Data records

---------------

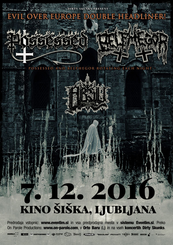 Na srečo smo kaj hitro pozabili na obstoj prvih dveh bendov, ko so oder zasedli Possessed, bend, ki ga še danes vodi vokalist in idejni vodja Jeff Becerra, ob njem pa glasbo legendarne zasedbe poustvarjajo predvsem člani zasedb Sadistic Intent in Coffin Texts. Poznavalci ekstremne scene vedo, da Possessed veljajo za očete death metala, saj so na nek način s svojo isto imenovano pesmijo, torej Death Metal, poimenovali žanr kot tak, pa tudi zvočno in tematsko nekako res ustrezajo pionirjem na tem področju, čeprav bi se tukaj dalo debatirati o tem, ali si to titulo očetov death metala res zaslužijo Possessed – ali pa Slayer. No, ta dilema ni bila pomembna ob dejstvu, da na velikem odru Kina Šiška gledamo kultno zasedbo, ki nas je ob malce slabši formi – v primerjavi z njihovim nastopom leta 2013 na festivalu Metaldays – popeljala skozi set klasik z albumov Seven Churches ter Gates Of Horror in seveda z EP-ja Beyond The Gates, poleg tega pa smo dobili tudi nov komad s še nedokončanega albuma, ki bo izšel nekoč v prihodnosti. Brez skrbi – je še vedno zelo Possessed. Bend se je izkazal z mogoče malo pomanjkljivo komunikacijo, vendar je to nadomestil z distribucijo res divje glasbe. Odlično! Za njimi je bila predolga pavza, na oder pa so stopili avstrijski death blekkerji Belphegor.
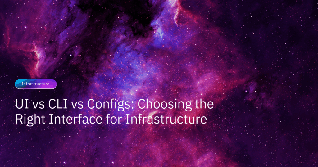 Some teams swear by config files. Others love the speed of the CLI. And some embrace intuitive web UIs that streamline tasks across the board. But the truth is, there’s no one-size-fits-all interface for managing infrastructure. The best choice often depends on context: who’s using it, what they’re doing, and how fast they need to move.
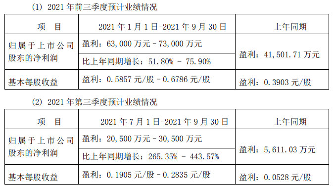 再生时代报道/纳思达披露2021年前三季度业绩预告,该公司预计前三季度归属于上市公司股东的净利润为6.3亿元至7.3亿元(不含奔图电子),比去年同期增长51.8%至75.9%。
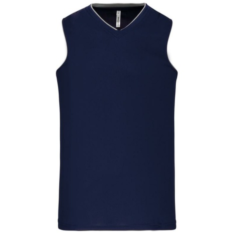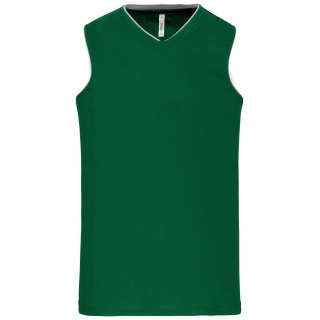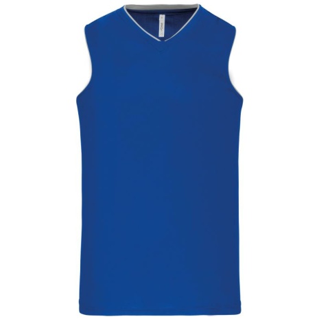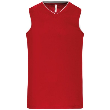 Herenbasketbalshirt 100% polyester: heel sterk, licht en ademend. 100% polyester. V-hals. Bies en oplegsel in contrastkleur. Afwerking met dubbele stiksels onderaan en aan de armsgaten.
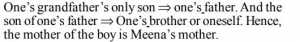 - Pointing to a boy, Meena says, “He is the son of my grandfather’s only son.’’ How is the boy’s mother related to Meena?
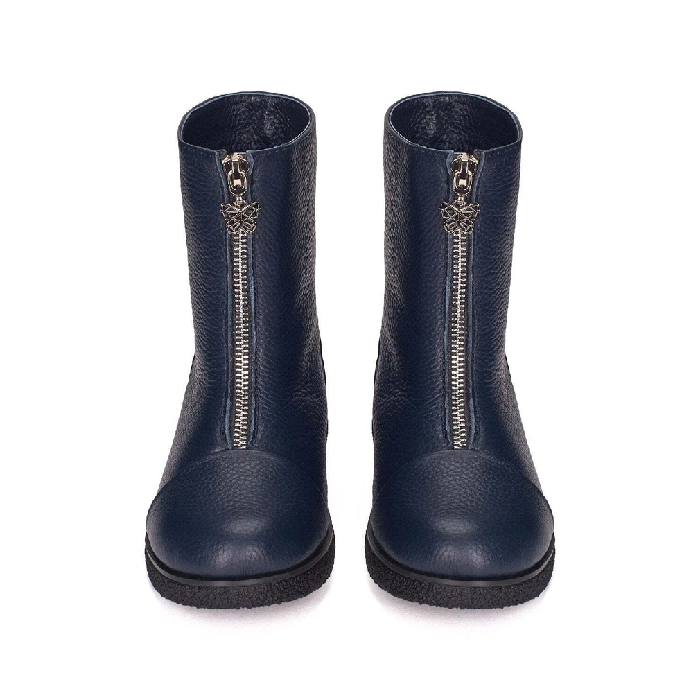 Сделанные из роскошной фактурной натуральной кожи эти синие сапожки Lily никого не оставят равнодушными. Для максимального тепла и комфорта они имеют подкладку и стельку из натуральной шерсти и толстую рифленую подошву. Сапожки Lily декорированы молнией с фирменной серебряной бабочкой Age of Innocence, которая придает сапожкам особое очарование. Сапожки будут идеально смотреться как с платьями, так и с узкими джинсами.
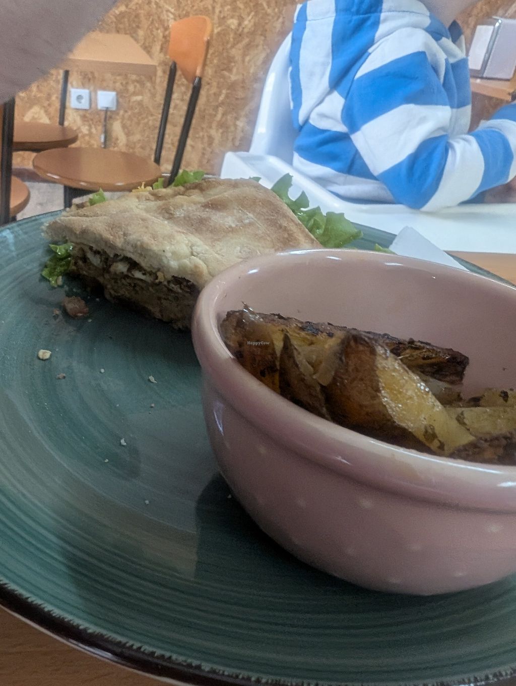 We were nearby and decided to drive here. Great decision! I had the menu of the day with courgette soup, a main dish of rice with tofu, peppers and curry and a melon and orange juice. I also had a sausage, vegan cheese and dried tomato pastry. My partner had the vegetables quiche, all delicious! It calls itself vegetarian but many options are vegan or can be made vegan 🙂
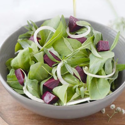 Rocca leaves, beetroot, onions, lemon juice and extra virgin olive oil.
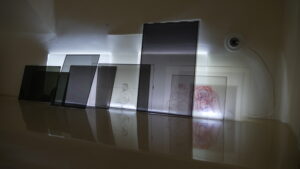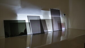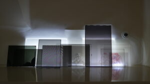 This polymorphic and evolving installation is renewed with each exhibition and proposes a dissection of screens on which traces of their past activity seem to persist. The different « layers » that make up different types of flat screens have been meticulously disassembled and rearranged. On some surfaces, an « analog » gesture, the drawing, revives these decommissioned digital surfaces. The different properties of the technical materials that make up our screens are revealed here and their plastic capacities revealed.
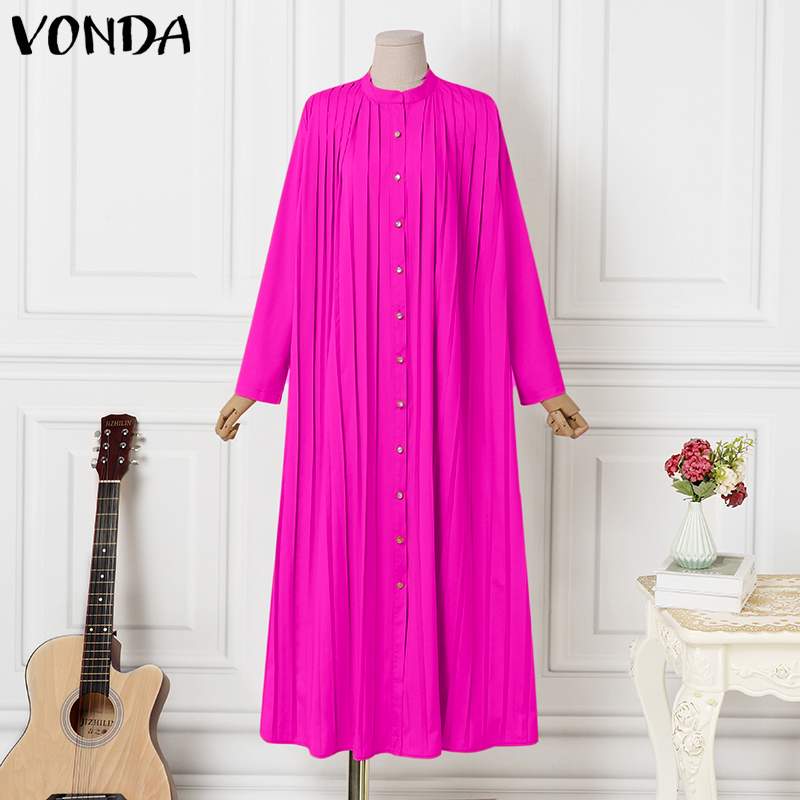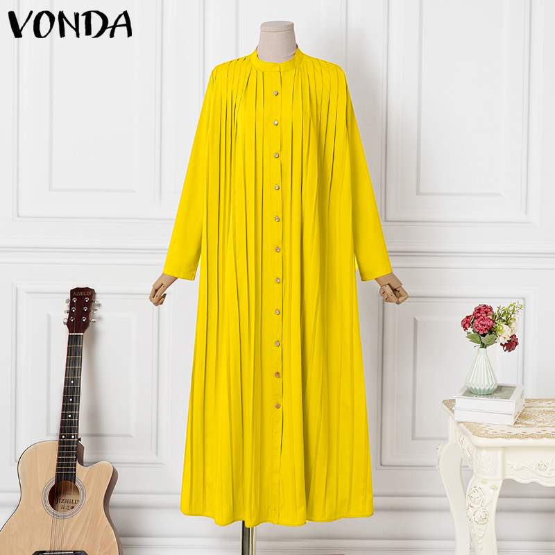 Summer Long Dress 2022 VONDA Vintage Women Sundress Long Sleeve Button Up Dress Autumn Holiday Loose Long Shirt Vestidos
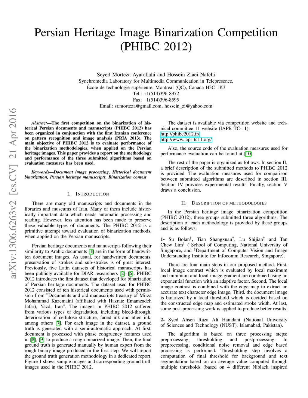 Persian Heritage Image Binarization Competition (PHIBC 2012)
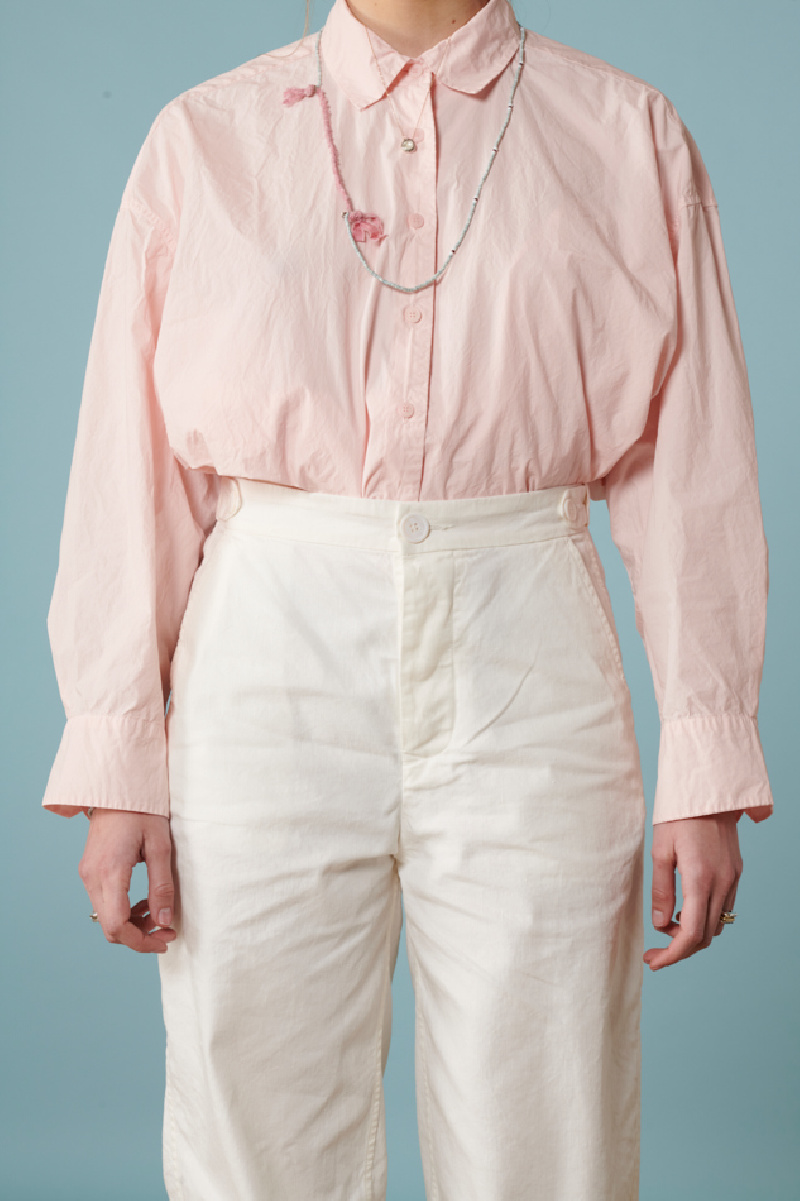 Pantalon Jude en lin et en coton de la marque Casey Casey, blanc, coupe droite, fermeture à la taille par une braguette boutonnée, bouton de chaque côté pour son ajustement, élastique au dos au niveau de la taille, poches à l'avant et à l'arrière.
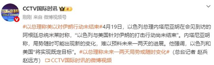 4月19日,以色列总理内塔尼亚胡在会见到访的阿根廷总统米莱时称,“以色列与美国针对伊朗的打击行动尚未结束”。内塔尼亚胡称,局势随时可能出现新的变化,难以预料未来一两天的进展。他强调,以色列和美国“将实现既定目标”。
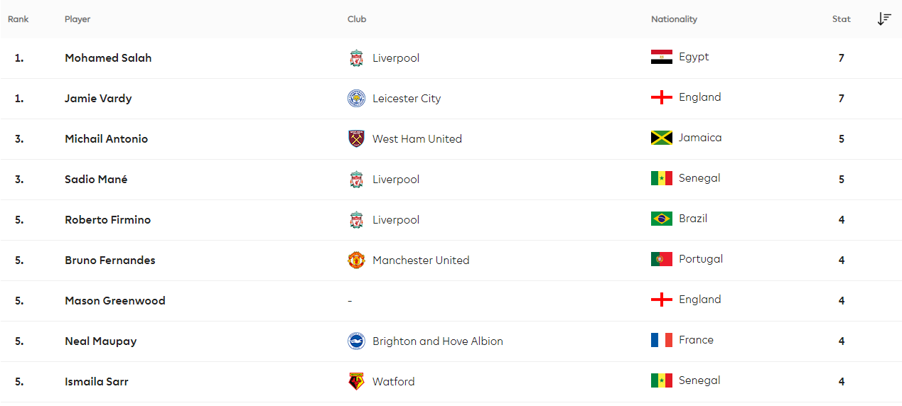 الأكثر قراءة الأن. يتصدر محمد صلاح لاعب فريق ليفربول جدول ترتيب هدافي الدوري الإنجليزي الممتاز بعد مرور 5 جولات بالتساوي مع برونو فيرنانديز ماهجم مانشستر يونايتد وميكائيل أنطونيو.
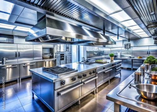 State-of-the-art commercial kitchen featuring advanced smoke and fume filtration, efficient airflow, and a stylish design, creating an optimal culinary workspace for professional chefs.
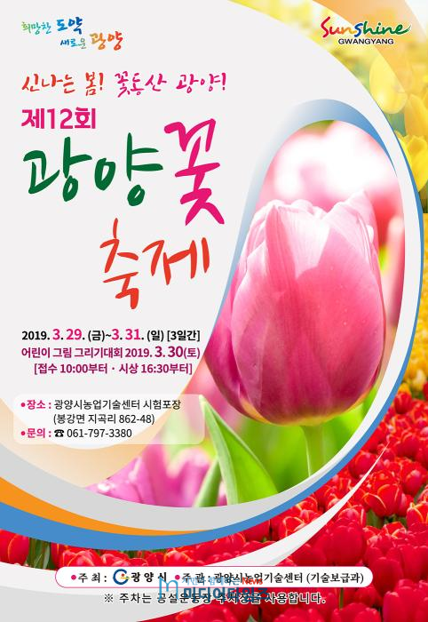 한편 제12회 광양꽃축제는 오는 3.29. ~ 3.31. ‘신나는 봄! 꽃동산 광양!’을 주제로 봉강면 지곡리에 위치한 농업기술센터 시험포장에서 개최한다.
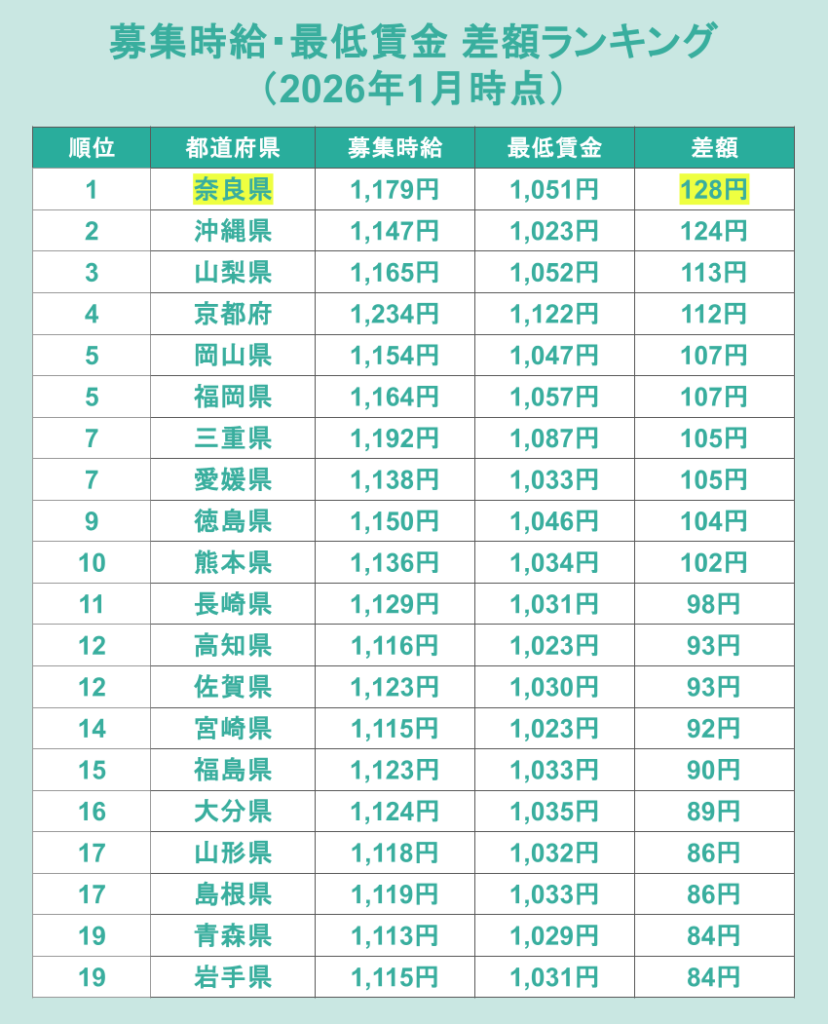 最後に2026年1月時点の募集時給が、新最低賃金に対してどのくらい上乗せされているかをランキングで分析します。対象自治体の中で最も差額が大きいのは奈良県で128円となり、次いで沖縄県が124円、山梨県が113円と続きました。

---------------

» Problem requirements
Where a record above holds a picture, drop the picture and print the rest exactly.

» Exercise result
 Na srečo smo kaj hitro pozabili na obstoj prvih dveh bendov, ko so oder zasedli Possessed, bend, ki ga še danes vodi vokalist in idejni vodja Jeff Becerra, ob njem pa glasbo legendarne zasedbe poustvarjajo predvsem člani zasedb Sadistic Intent in Coffin Texts. Poznavalci ekstremne scene vedo, da Possessed veljajo za očete death metala, saj so na nek način s svojo isto imenovano pesmijo, torej Death Metal, poimenovali žanr kot tak, pa tudi zvočno in tematsko nekako res ustrezajo pionirjem na tem področju, čeprav bi se tukaj dalo debatirati o tem, ali si to titulo očetov death metala res zaslužijo Possessed – ali pa Slayer. No, ta dilema ni bila pomembna ob dejstvu, da na velikem odru Kina Šiška gledamo kultno zasedbo, ki nas je ob malce slabši formi – v primerjavi z njihovim nastopom leta 2013 na festivalu Metaldays – popeljala skozi set klasik z albumov Seven Churches ter Gates Of Horror in seveda z EP-ja Beyond The Gates, poleg tega pa smo dobili tudi nov komad s še nedokončanega albuma, ki bo izšel nekoč v prihodnosti. Brez skrbi – je še vedno zelo Possessed. Bend se je izkazal z mogoče malo pomanjkljivo komunikacijo, vendar je to nadomestil z distribucijo res divje glasbe. Odlično! Za njimi je bila predolga pavza, na oder pa so stopili avstrijski death blekkerji Belphegor.
 Some teams swear by config files. Others love the speed of the CLI. And some embrace intuitive web UIs that streamline tasks across the board. But the truth is, there’s no one-size-fits-all interface for managing infrastructure. The best choice often depends on context: who’s using it, what they’re doing, and how fast they need to move.
 再生时代报道/纳思达披露2021年前三季度业绩预告,该公司预计前三季度归属于上市公司股东的净利润为6.3亿元至7.3亿元(不含奔图电子),比去年同期增长51.8%至75.9%。
 Herenbasketbalshirt 100% polyester: heel sterk, licht en ademend. 100% polyester. V-hals. Bies en oplegsel in contrastkleur. Afwerking met dubbele stiksels onderaan en aan de armsgaten.
 - Pointing to a boy, Meena says, “He is the son of my grandfather’s only son.’’ How is the boy’s mother related to Meena?
 Сделанные из роскошной фактурной натуральной кожи эти синие сапожки Lily никого не оставят равнодушными. Для максимального тепла и комфорта они имеют подкладку и стельку из натуральной шерсти и толстую рифленую подошву. Сапожки Lily декорированы молнией с фирменной серебряной бабочкой Age of Innocence, которая придает сапожкам особое очарование. Сапожки будут идеально смотреться как с платьями, так и с узкими джинсами.
 We were nearby and decided to drive here. Great decision! I had the menu of the day with courgette soup, a main dish of rice with tofu, peppers and curry and a melon and orange juice. I also had a sausage, vegan cheese and dried tomato pastry. My partner had the vegetables quiche, all delicious! It calls itself vegetarian but many options are vegan or can be made vegan 🙂
 Rocca leaves, beetroot, onions, lemon juice and extra virgin olive oil.
 This polymorphic and evolving installation is renewed with each exhibition and proposes a dissection of screens on which traces of their past activity seem to persist. The different « layers » that make up different types of flat screens have been meticulously disassembled and rearranged. On some surfaces, an « analog » gesture, the drawing, revives these decommissioned digital surfaces. The different properties of the technical materials that make up our screens are revealed here and their plastic capacities revealed.
 Summer Long Dress 2022 VONDA Vintage Women Sundress Long Sleeve Button Up Dress Autumn Holiday Loose Long Shirt Vestidos
 Persian Heritage Image Binarization Competition (PHIBC 2012)
 Pantalon Jude en lin et en coton de la marque Casey Casey, blanc, coupe droite, fermeture à la taille par une braguette boutonnée, bouton de chaque côté pour son ajustement, élastique au dos au niveau de la taille, poches à l'avant et à l'arrière.
 4月19日,以色列总理内塔尼亚胡在会见到访的阿根廷总统米莱时称,“以色列与美国针对伊朗的打击行动尚未结束”。内塔尼亚胡称,局势随时可能出现新的变化,难以预料未来一两天的进展。他强调,以色列和美国“将实现既定目标”。
 الأكثر قراءة الأن. يتصدر محمد صلاح لاعب فريق ليفربول جدول ترتيب هدافي الدوري الإنجليزي الممتاز بعد مرور 5 جولات بالتساوي مع برونو فيرنانديز ماهجم مانشستر يونايتد وميكائيل أنطونيو.
 State-of-the-art commercial kitchen featuring advanced smoke and fume filtration, efficient airflow, and a stylish design, creating an optimal culinary workspace for professional chefs.
 한편 제12회 광양꽃축제는 오는 3.29. ~ 3.31. ‘신나는 봄! 꽃동산 광양!’을 주제로 봉강면 지곡리에 위치한 농업기술센터 시험포장에서 개최한다.
 最後に2026年1月時点の募集時給が、新最低賃金に対してどのくらい上乗せされているかをランキングで分析します。対象自治体の中で最も差額が大きいのは奈良県で128円となり、次いで沖縄県が124円、山梨県が113円と続きました。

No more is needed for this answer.